Tag Archives: disasterrecovery

AirBNB didn't have to fail

Today part of Amazon Web Services failed, taking down with it a slew of startups that all run on Amazon’s Cloud infrastructure. AirBNB was one of the biggest, but also Heroku, Reddit, Minecraft, Flipboard & Coursera down with it. Its not the first time. What the heck happened, and why should we care?

1. Root Cause

The AWS service allows companies like AirBNB to build web applications, and host them on servers owned and managed by Amazon. The so-called raw iron of this army of compute power sits in datacenters. Each datacenter is a zone, and there are many in each of their service regions including US East (Northern Virginia), US West (Oregon), US West (Northern California), EU (Ireland), Asia Pacific (Singapore), Asia Pacific (Tokyo), South America (Sao Paulo), and AWS GovCloud.

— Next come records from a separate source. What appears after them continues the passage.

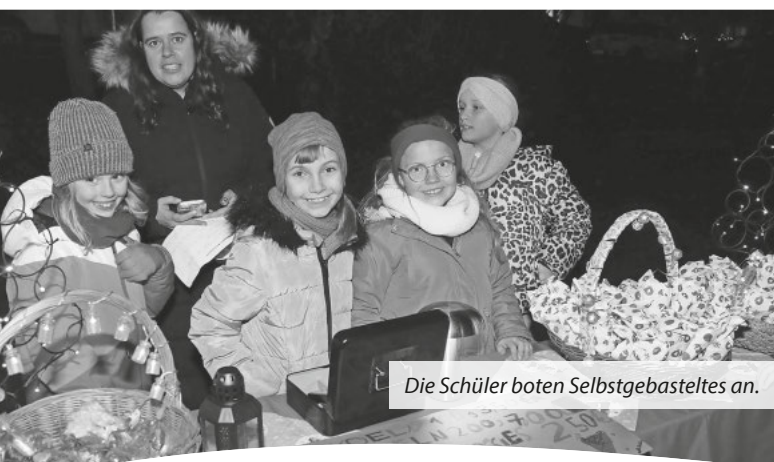
Die Schüler boten Selbstgebasteltes an.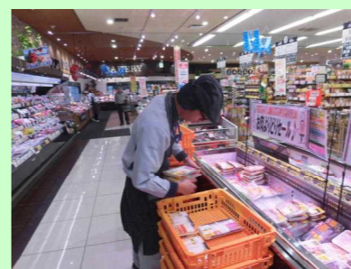
産業現場等における実習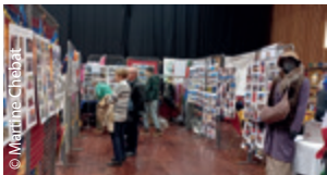
Et son exposition photos offerte à tous les visiteurs.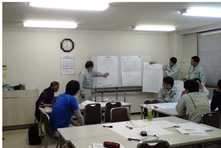
【点検結果の発表の様子】

実習の最後に、各班にて取りまとめた点検結果および橋梁の健全度の発表を行いました。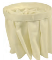
Filtration à poches Grande surface filtrante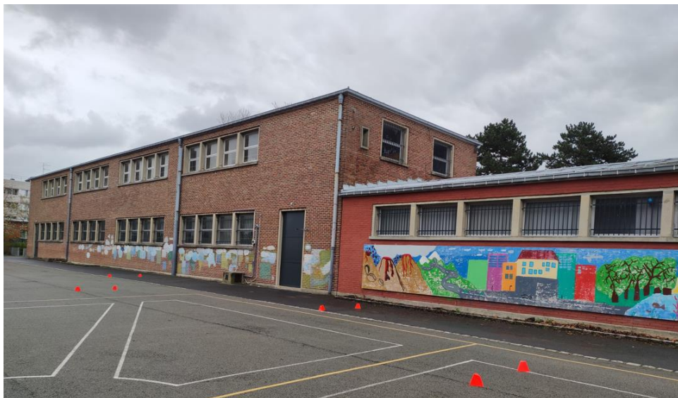
Fresque 2 : mur extérieur de la cour de l'école.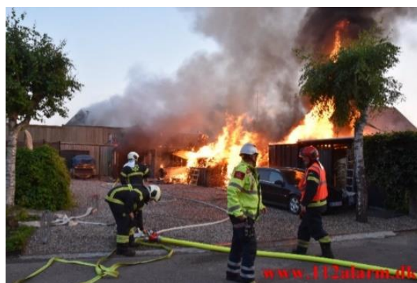
Brand i værksted og beboelse i Gravens

Indsatsen krævede indsættelse af stationerne i Egtved, Kolding, Vejle med to slukningsenheder og Beredskabsstyrelsen. En indsats der tidsmæssigt tog 16 timer før brandvæsenet og Beredskabsstyrelsen kunne forlade stedet. Samlet set kostede branden Vejle Brandvæsen 75.000 kr. i lønninger til brandmandskab og indkaldt personel til dækning af Vejle by samt tabt og ødelagt materiel.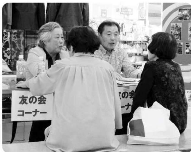
友の会コーナーで入会を勧める堤会長と北岡副会長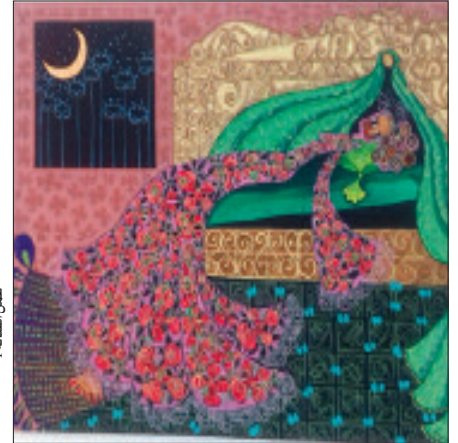
عما، الفضائنة 1

كما اعتمدت الفنانة وعلى غير عاداتها، على الخط، ففي لوحة رسمت بدمى مذكوباً فيه «فرقة نقاس»، يعود إلى أول فلوتهلا، حينما شاهدت فرقة غنائية في المدينة التي تصعد منها عائلاتها، تستعمل بندري كتب عليه ذلك، أيضاً لوحة كتب فيها «جاتي برة»، تعني بها حالة الإنسان وهو ينبت الفهد وترتقب الفرح. كما قدمت جعيدة أعمالاً رسمتها على الورق، فكانت مختلفة عن تلك التي رسمتها مباشرة على اللوحة، وهنا قالت الفنانة بأنها ترك مساحة لعملها على الورق من خلال اعتمادها على إطار كبير لرسمه صغيرة، كما أنها تجد راحتها في هذا الأسلوب، حيث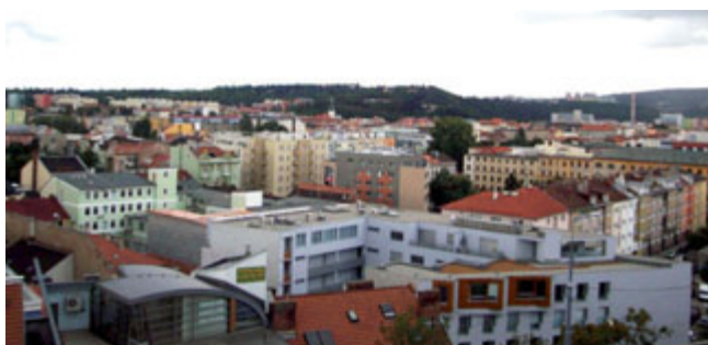
Ogledali smo si mesto Telč, ki je pod okriljem UNESCO

Polna vtisov in sklenjenih novih poznanstev sem v nedeljo, 19. 8. 2012, prispela v Benetke, kjer so me pričakali starši.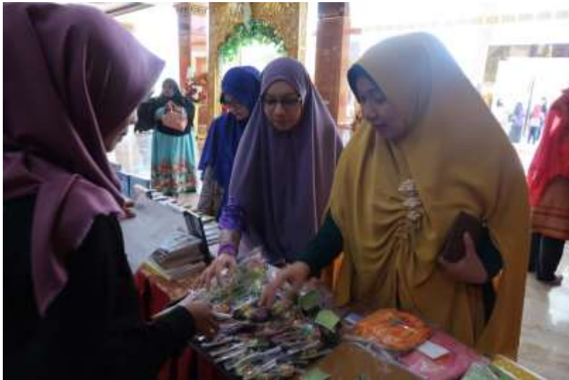
Gambar 11 . Dukungan Kampus UPI YPTK Padang dalam Managemen Usaha Kecil Mahasiswa

Secara garis besar penerapan manajemen dalam usaha besar dan kecil lebih menonjol pada fungsi dan tugas manager. Pada usaha berskala besar tugas manager telah dipilah-pilah sedemikian rupa sesuai strategi dan struktur organisasi yang tertata secara bertingkat. Pada usaha kecil, seluruh sumberdaya sangat terbatas, fungsi dan tugas seorang manager berbaaur menjadi satu karena memang dalam usaha kecil belum diperlukan manager. Manager pada usaha kecil seringkali juga merupakan pendiri atau pemilik.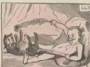
Monsieur d'opinion, Monsieur, j'aurais aimé un accident de la vase d'opinion, par M. Raab. Dans l'attente de ce que de ce, même les chaires. C'est ce que M. Raab, a su rendre à merveille. Ce tableau peut rendre un effet de grande allure.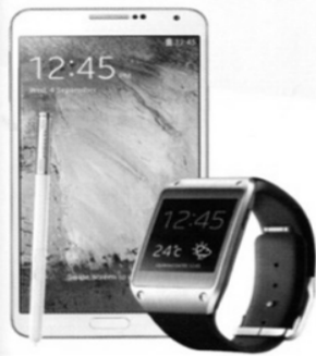
GALAXY Note 3 + Gear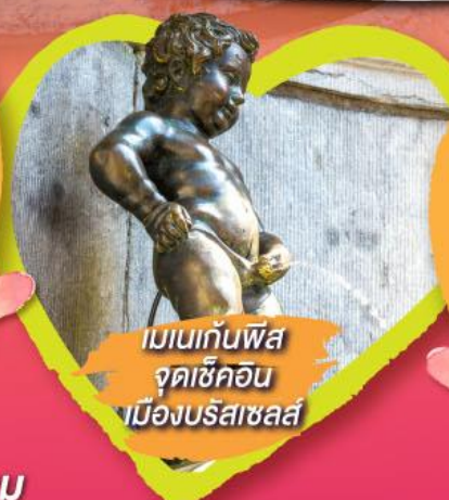
เมเนกันฟิส จุดเซ็คอน เมืองบรัสเซลส์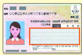
マイナンバーカード表面

転入届を出した場合でも、マイナンバーカードの住所変更手続きを行うことなく90日を経過すると、そのマイナンバーカードは失効となります。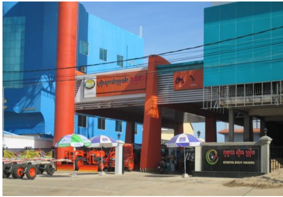
KUBOTA HUOT SROENG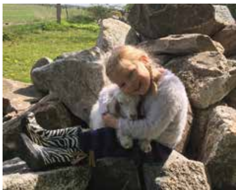
Her er Augusta med vores lille bukkekid Søgaardens Samiko, som nu er blevet 1 år og skal med på Roskilde Dyrskue d. 8.- 10. juni 2018.

Today one of those datacenters in the Northern Virginia region had a failure. What does this mean? Essentially firms like AirBNB that hosted their applications ONLY in Northern Virginia experienced outages.

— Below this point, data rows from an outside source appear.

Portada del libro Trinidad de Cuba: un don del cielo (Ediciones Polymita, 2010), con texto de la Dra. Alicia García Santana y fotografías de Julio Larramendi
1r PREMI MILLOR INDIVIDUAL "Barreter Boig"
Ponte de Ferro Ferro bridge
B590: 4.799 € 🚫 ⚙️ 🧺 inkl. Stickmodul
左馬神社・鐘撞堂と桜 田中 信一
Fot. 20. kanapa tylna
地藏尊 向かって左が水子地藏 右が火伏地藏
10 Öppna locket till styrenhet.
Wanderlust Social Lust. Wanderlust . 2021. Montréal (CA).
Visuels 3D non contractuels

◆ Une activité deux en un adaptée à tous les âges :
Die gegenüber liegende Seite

As it turns out, Amazon has a service level agreement of 99.95% availability. We’ve long since said goodbye to the five nines. HA is overrated.

2. Use Redundancy

Although there are lots of pieces and components to a web infrastructure, two big ones are webservers and database servers. Turns out AirBNB could make both of these tiers redundant. How do we do it?

On the database side, you can use Amazon’s multi-az or alternately read-replicas. Each have different service characteristics so you’ll have to evaluate your application to figure out what will work for you.

Then there is the option to host mysql or Percona directly on Amazon servers yourself and use replication.

[quote]Using redundant components like placing webservers and databases in multiple regions, AirBNB could avoid an Amazon outage like Monday’s that affected only Northern Virginia.[/quote]
When do I want RDS versus mysql? Here are some use cases for RDS versus roll your own MySQL.

Now that you’re using multiple zones and regions for your database the hard work is completed. Webservers can be hosted in different regions easily, and don’t require complicated replication to do it.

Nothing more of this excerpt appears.